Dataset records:
---

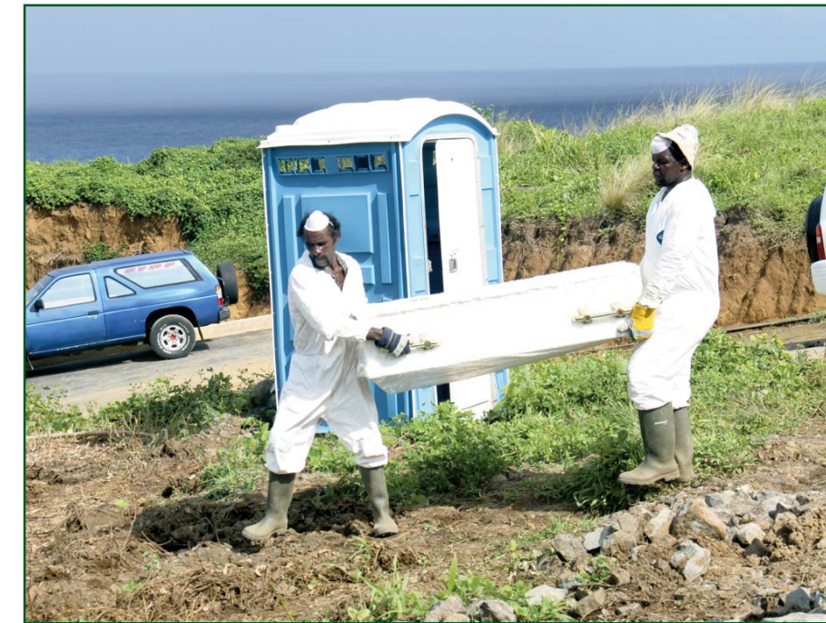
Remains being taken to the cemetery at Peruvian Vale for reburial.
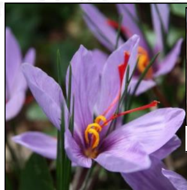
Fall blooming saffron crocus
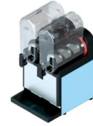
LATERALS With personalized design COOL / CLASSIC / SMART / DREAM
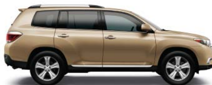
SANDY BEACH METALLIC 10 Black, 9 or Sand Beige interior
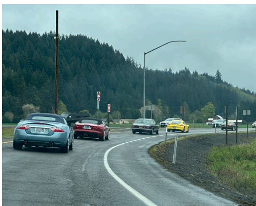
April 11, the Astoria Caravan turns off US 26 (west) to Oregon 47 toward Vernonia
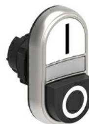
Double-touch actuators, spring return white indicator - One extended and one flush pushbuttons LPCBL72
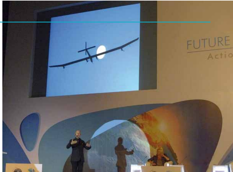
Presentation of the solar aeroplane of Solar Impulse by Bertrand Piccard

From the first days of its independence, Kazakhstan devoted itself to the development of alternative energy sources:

---

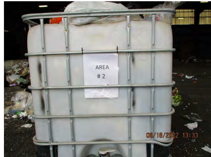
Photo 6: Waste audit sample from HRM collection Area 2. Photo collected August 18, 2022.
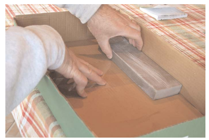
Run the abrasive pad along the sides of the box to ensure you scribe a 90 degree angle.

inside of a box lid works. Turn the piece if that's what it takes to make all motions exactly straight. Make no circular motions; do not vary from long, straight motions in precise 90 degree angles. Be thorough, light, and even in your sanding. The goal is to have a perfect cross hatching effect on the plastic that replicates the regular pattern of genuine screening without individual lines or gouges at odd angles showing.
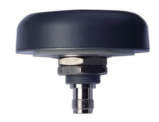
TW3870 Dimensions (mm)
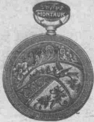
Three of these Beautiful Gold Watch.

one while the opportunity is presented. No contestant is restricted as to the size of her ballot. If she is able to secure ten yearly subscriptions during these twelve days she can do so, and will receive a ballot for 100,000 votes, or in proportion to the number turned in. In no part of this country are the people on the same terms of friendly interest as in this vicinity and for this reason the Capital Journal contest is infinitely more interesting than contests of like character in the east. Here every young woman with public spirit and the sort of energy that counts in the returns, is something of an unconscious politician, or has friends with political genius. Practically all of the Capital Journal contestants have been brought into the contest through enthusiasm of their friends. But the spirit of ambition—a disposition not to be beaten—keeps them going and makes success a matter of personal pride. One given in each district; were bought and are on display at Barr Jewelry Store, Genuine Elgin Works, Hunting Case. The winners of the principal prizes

---

What you will do = When the entries above show the word "days" in a line, copy that line out.

Solved problem =
From the first days of its independence, Kazakhstan devoted itself to the development of alternative energy sources:
one while the opportunity is presented. No contestant is restricted as to the size of her ballot. If she is able to secure ten yearly subscriptions during these twelve days she can do so, and will receive a ballot for 100,000 votes, or in proportion to the number turned in. In no part of this country are the people on the same terms of friendly interest as in this vicinity and for this reason the Capital Journal contest is infinitely more interesting than contests of like character in the east. Here every young woman with public spirit and the sort of energy that counts in the returns, is something of an unconscious politician, or has friends with political genius. Practically all of the Capital Journal contestants have been brought into the contest through enthusiasm of their friends. But the spirit of ambition—a disposition not to be beaten—keeps them going and makes success a matter of personal pride. One given in each district; were bought and are on display at Barr Jewelry Store, Genuine Elgin Works, Hunting Case. The winners of the principal prizes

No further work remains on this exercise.